Recurrent implantation failure (RIF) is the failure of embryos to implant more than two times in a given individual. There is debate about a precise definition for RIF, but we consider more than two implantation failures for individuals who undergo in vitro fertilization-embryo transfer (IVF-ET) to constitute RIF. There are many potential reasons for RIF, including embryonic factors, immunological factors, uterine factors, coagulate factors, and genetic factors. Genetic variation has been suggested as one of the contributing factors leading to RIF, and a number of single-nucleotide polymorphisms (SNPs) have been reported to be associated with RIF. The recent elucidation of miRNA functions has provided new insight into the regulation of gene expression.


We investigated associations between polymorphisms in four miRNAs and RIF in 346 Korean women: 118 patients with RIF and 228 controls. We determined the genotypes of the miRNAs in the study participants by polymerase chain reaction-restriction fragment-length polymorphism (PCR-RFLP) analysis. We analyzed the effects of genotypes, allele combinations, and environmental and clinical factors on the risk of RIF.


The miR-25 T/miR-125aT/miR-222G (odds ratio (OR), 0.528; 95% confidence interval (CI), 0.282–0.990; P = 0.044) and miR-25 T/miR-125aT allele combinations were associated with a reduced risk of RIF. The miR-25 T/miR-32C/miR-125aC/miR-222 T allele combination was associated with an increased risk of RIF. The miR-222GT+TT genotypes interacted with high prothrombin time (≥ 12 s) to increase the risk of RIF.


MicroRNA polymorphisms are significantly different between patients that experience RIF and healthy controls. Combinations of microRNA polymorphisms were associated with the risk of RIF. Interactions between environmental factors and genotypes increased the risk of RIF in Korean women.
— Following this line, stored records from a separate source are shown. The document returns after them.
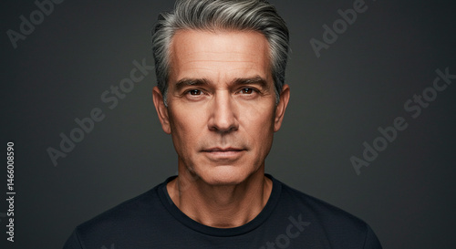 Naklejka premium Confident man with gray hair looks directly at the camera, conveying wisdom and maturity. He's an inspiration, embodying strength.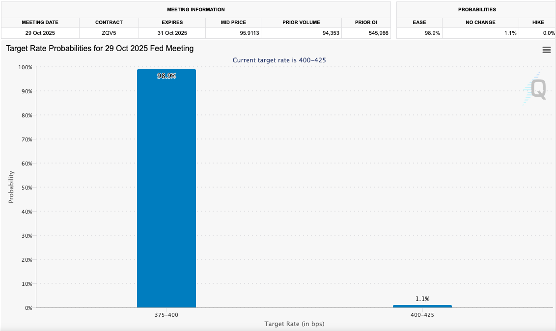 A lower-than-expected CPI print would boost risk assets, as it increases the odds of a rate cut — something that would, in turn, boost liquidity inflows later. The latest data from CME Group’s FedWatch Tool shows that markets already expect a 0.25% cut on Oct. 29.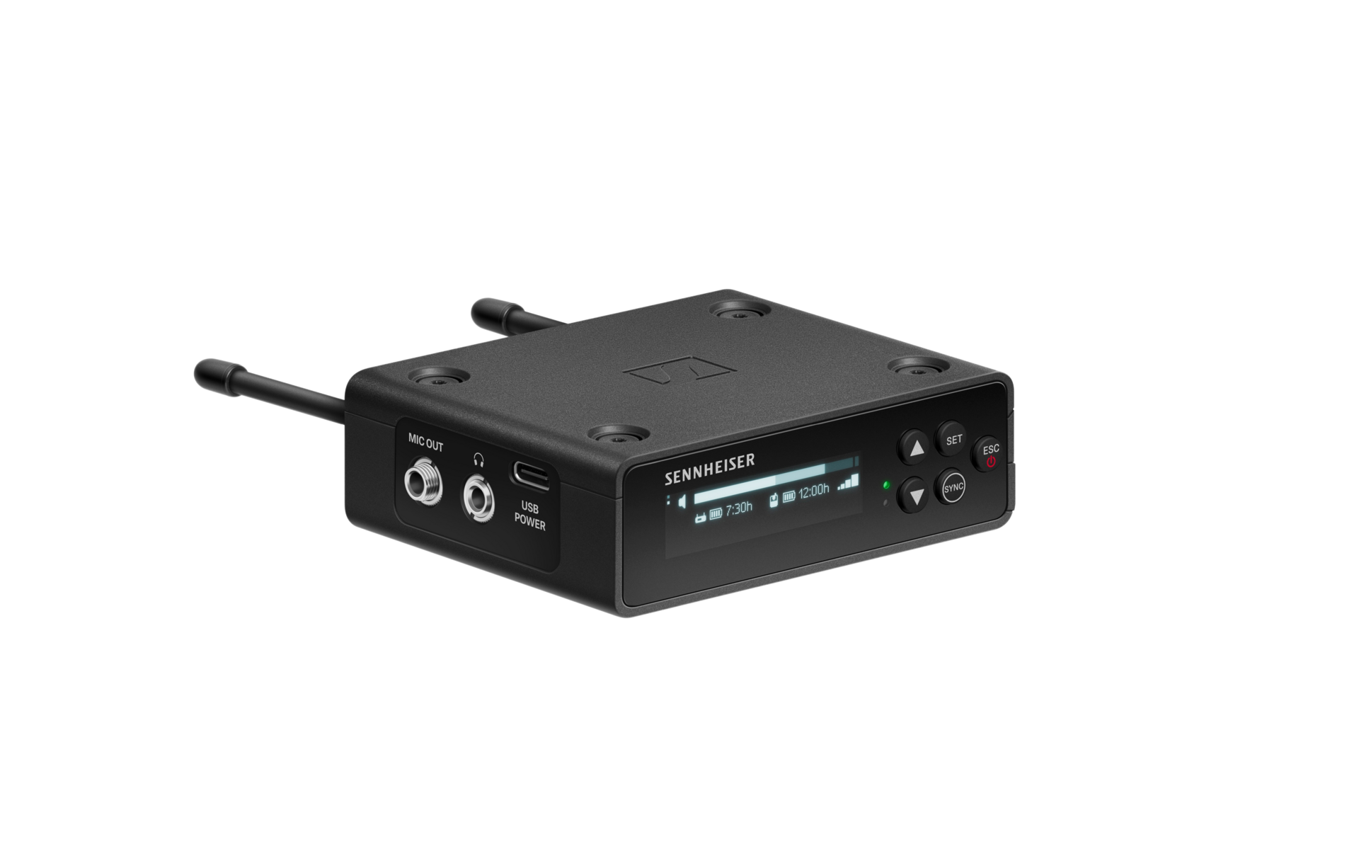 Приёмник поддерживает Bluetooth Low Energy, что упрощает синхронизацию и управление через приложение Sennheiser Smart Assist, включая частотное сканирование, мониторинг состояния батареи и быстрые настройки.Компактный корпус удобно крепится на камеру или пояс оператора, а индикация оставшегося заряда позволяет контролировать время работы на выезде.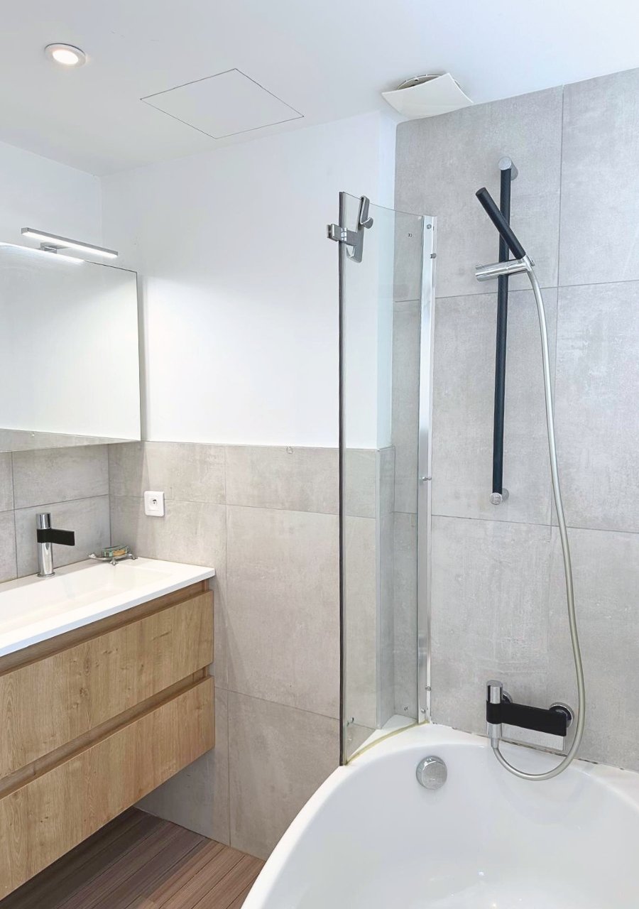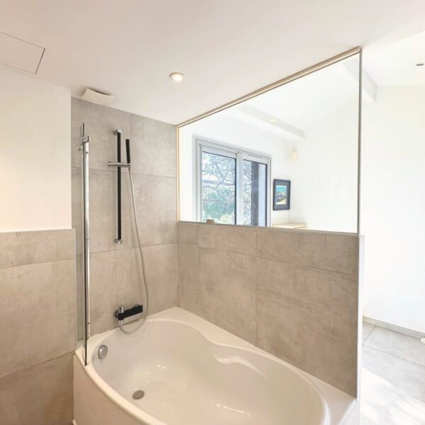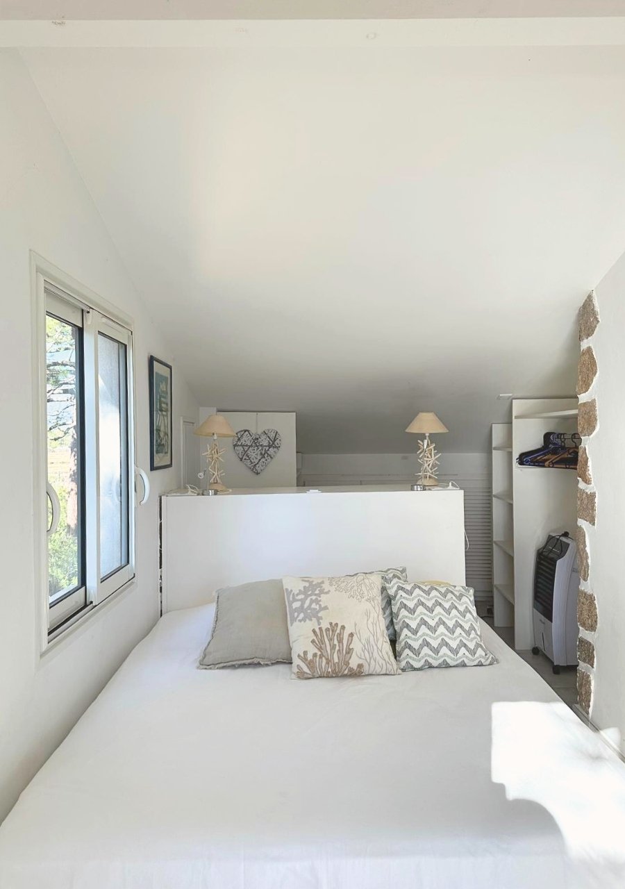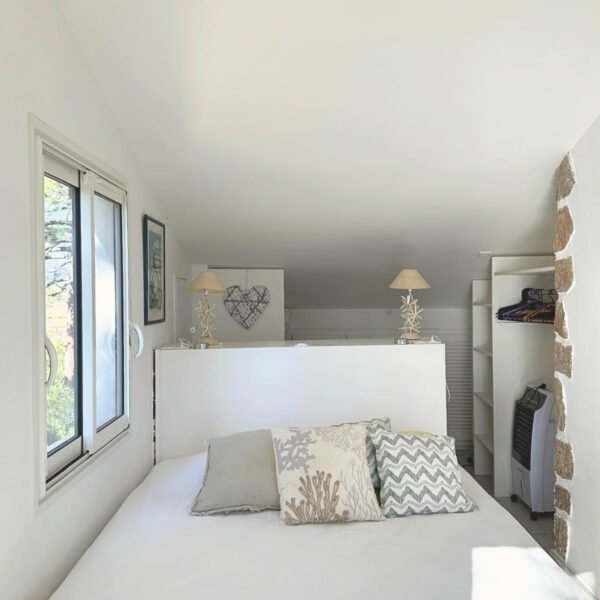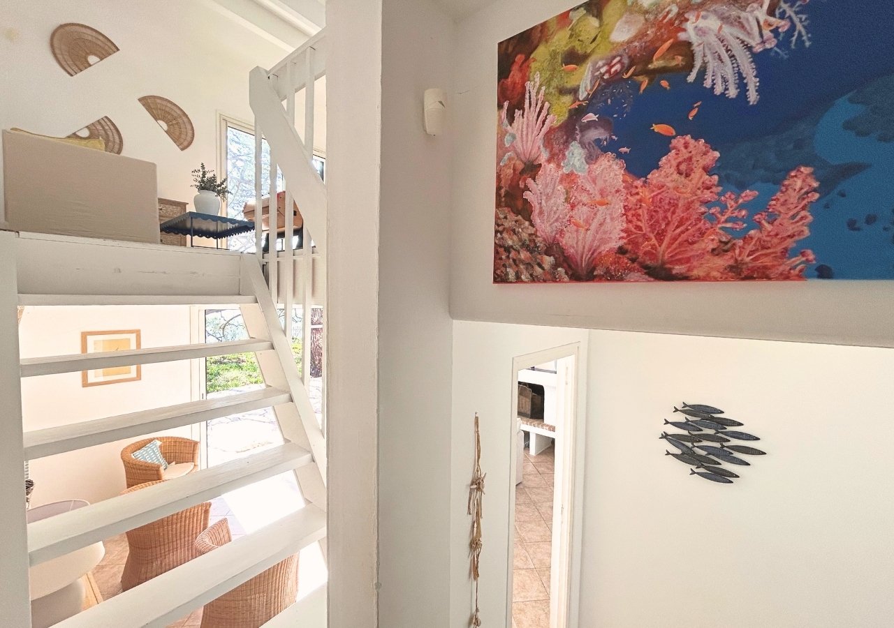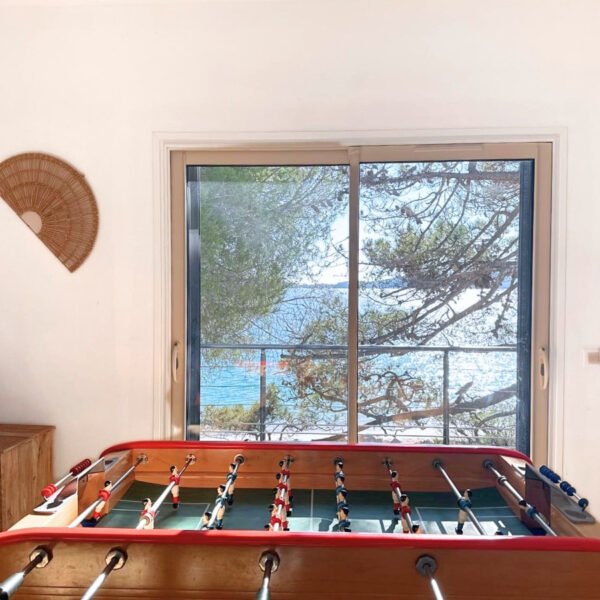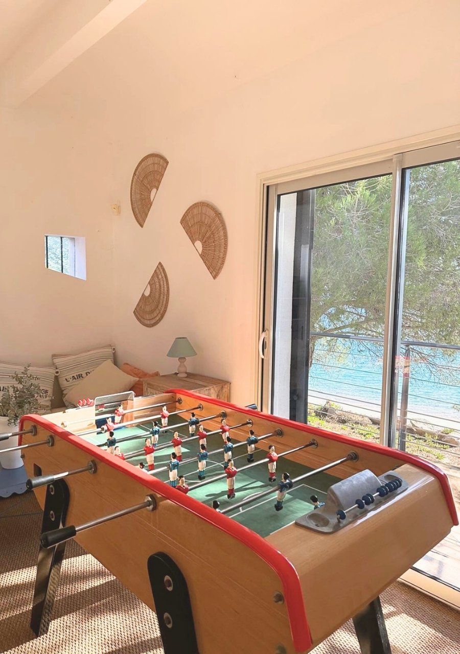 À l’étage, une mezzanine avec baby-foot et coin canapé précède la superbe suite parentale : lit double, salle de bain privative, baignoire, double vasque et WC ainsi qu’un dressing et terrasse avec vue mer imprenable.

Recurrent implantation failure (RIF) is when implanted embryos repeatedly fail. There is debate about a precise definition for RIF [1,2,3], but we consider more than two implantation failures for individuals who undergo in vitro fertilization-embryo transfer (IVF-ET) to constitute RIF. Many potential reasons for RIF have been reported, including embryonic factors, immunological factors, uterine factors, coagulate factors, and genetic factors.
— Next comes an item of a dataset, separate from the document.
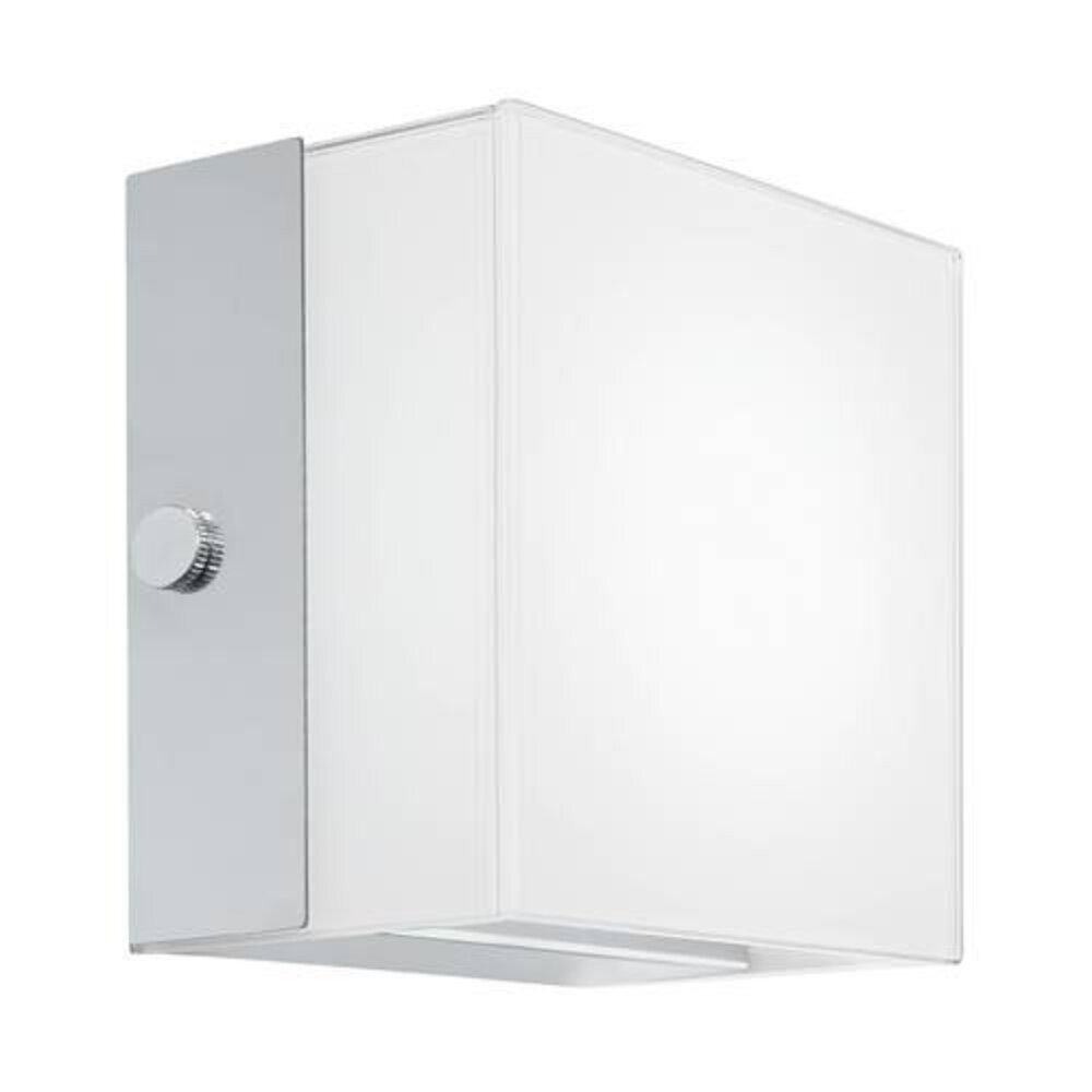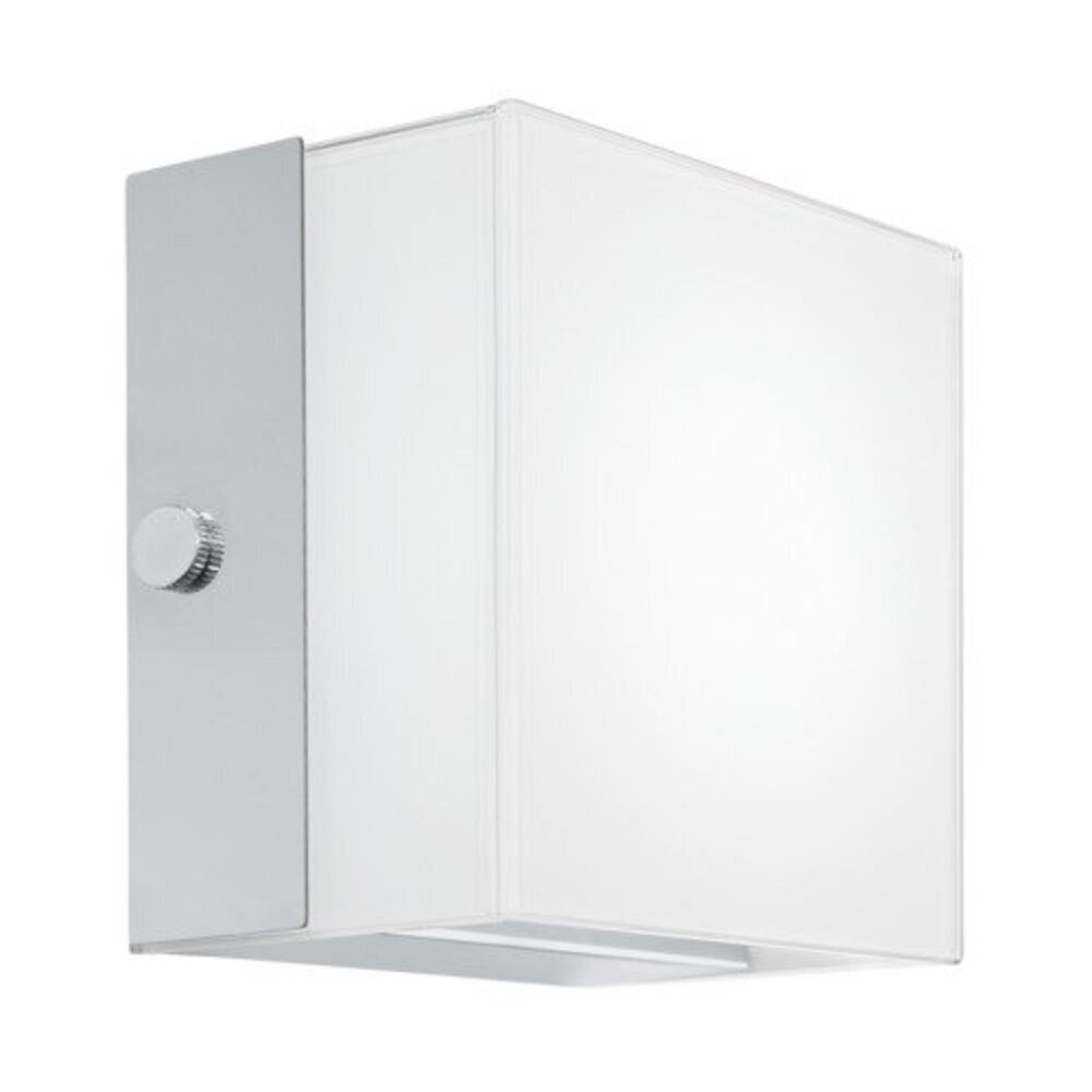 Ez a falvilágító az ALEA 2 sorozatból krómozott acélból és fehérre festett üvegből készült. Cserélhető LED-lámpával van felszerelve, mely meleg fehér fényt ad.

MicroRNAs (miRNAs) are small (approximately 18–22 nucleotides), non-protein-coding RNAs that regulate gene expression by causing transcript degradation and translational repression [4, 5]. Cellular processes, such as proliferation and apoptosis, are also regulated by miRNAs via complementary base-pair binding to 3’UTR regions of mRNAs, resulting in mRNA degradation and translational repression [4]. One study that evaluated microRNA expression in patients with RIF discovered that 3800 genes could be regulated by only 13 microRNAs [5]. Another study reported that 313 genes were upregulated or downregulated in patients with RIF [6]. A study of IVF in rodents revealed that downregulation of the microRNA 199a-5p was associated with poor blastocyst development [7].
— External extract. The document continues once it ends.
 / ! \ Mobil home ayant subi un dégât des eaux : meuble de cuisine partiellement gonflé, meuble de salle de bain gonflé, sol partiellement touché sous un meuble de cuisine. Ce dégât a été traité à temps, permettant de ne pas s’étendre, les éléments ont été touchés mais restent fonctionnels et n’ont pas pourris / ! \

Maternal vascular development is very important in early pregnancy [8]. Angiogenesis plays a key role in corpus luteum development, embryo implantation, and placentation [8]. Because both angiogenesis and vasculogenesis are essential during early pregnancy for the proper conditioning of the uterus and placenta, high expression levels of VEGF and KDR are required [9]. Growth factors such as VEGF and their respective receptors drive the angiogenic process [8, 9], while other proteins, such as fibrinogen, also have an effect [8].

VEGF functions to increase cell proliferation, migration, and differentiation and is highly polymorphic [10]. VEGF has been associated with RIF after IVF-ET with intracytoplasmic sperm injection [11]. Abnormal maternal expression of VEGF may be associated with abnormal angiogenesis during implantation [12]. A previous study suggested that miRNAs regulate VEGF expression [13], implicating miRNAs as a possible cause of implantation failure [14]. KDR is a VEGF receptor that plays an essential role in angiogenesis in the placenta and fetus [15]. Additionally, in vivo and in vitro studies showed that KDR disruption can cause defects in fetal development and angiogenesis [16]. During pregnancy, following fibrinogen-fibrin conversion, the levels of thrombin and markers of coagulation and fibrinolytic activation are increased [16, 17].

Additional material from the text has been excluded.